Darüber hinaus bestehen Handlungsmöglichkeiten auf nationaler Ebene. Eine von ihnen sei hervorgehoben. Längst überfällig ist nämlich ein Mitbestimmungserstreckungsgesetz, das in Deutschland tätige ausländische Rechtsformen der Pflicht unterwirft, entweder einen mitbestimmten Aufsichtsrat einzusetzen, oder aber Vertreter der Beschäftigten an den anders gearteten Leitungsorganen zu beteiligen. So ein Erstreckungsgesetz wäre so auszugestalten, dass es sowohl nach ausländischem Recht gegründete Gesellschaften umfasst, die ihren Verwaltungssitz nach Deutschland verlegen, als auch nach inländischem Recht gegründete Gesellschaften, die – das ist die Polbud-Konstellation – ihren Satzungssitz unter Umwandlung in die dortige Rechtsform ins Ausland verlagern.

Ein solches Gesetz fordern die Gewerkschaften schon lange, und hier und da gab es positive Signale aus der Sozialdemokratie. Nicht auszuschließen ist, dass die Kommission die Europarechtskonformität eines solchen Gesetzes erst einmal bestreiten und Deutschland vor dem EuGH verklagen würde – aber sehr wahrscheinlich ist das nicht. Gerade angesichts der positiven Aussagen zur Territorialität des Arbeitsrechts im Erzberger-Urteil dürfte sich die Kommission ausrechnen können, dass sie sich mit einem Kampf gegen ein Erstreckungsgesetz ebenso blamieren würde wie schon mit ihren fragwürdigen Eingaben zu Erzberger.

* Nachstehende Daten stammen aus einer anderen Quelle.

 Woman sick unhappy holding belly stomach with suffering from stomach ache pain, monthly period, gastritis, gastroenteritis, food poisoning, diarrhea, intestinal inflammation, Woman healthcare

Allerdings tickt die Uhr. Was es nicht in den nächsten, ab sofort in Verhandlung begriffenen Koalitionsvertrag schafft, werden die Gewerkschaften auch nicht kriegen. In Richtung vor allem der in Mitbestimmungsfragen responsiven SPD, aber auch der Arbeitsmarkt- und Sozialpolitiker aus CDU und CSU wird daher nun maximale Aufklärungs- und Überzeugungsarbeit notwendig sein. Denn leider geben die Ergebnisse der zurückliegenden Sondierungen wenig Anlass zum Optimismus. Dort findet sich kein Bekenntnis zu einem Mitbestimmungserstreckungsgesetz, sehr wohl aber ein Bekenntnis zu der bisher von Deutschland wegen der Möglichkeiten zur Mitbestimmungsvermeidung blockierten Europäischen Privatgesellschaft („Europa GmbH“), und zwar gut versteckt auf Seite 18 im Kapitel zur Innenpolitik, dort im Unterpunkt „Recht“, und hier in einem eigentlich von der Digitalisierung handelnden Spiegelstrich (sehen Sie selbst). Würden also die derzeit vorliegenden Sondierungsergebnisse 1:1 in einen Koalitionsvertrag überführt, würden die Möglichkeiten zur Mitbestimmungsvermeidung nicht beseitigt, sondern sogar zusätzlich maximiert.

Bei diesem Text handelt es sich um die ergänzte und aktualisierte Fassung eines Kommentars, der zuerst auf dem heterodoxen Wirtschaftsportal Makroskop erschien. Ich danke Johannes Heuschmid, Norbert Kluge und Florian Rödl für wertvolle Hinweise.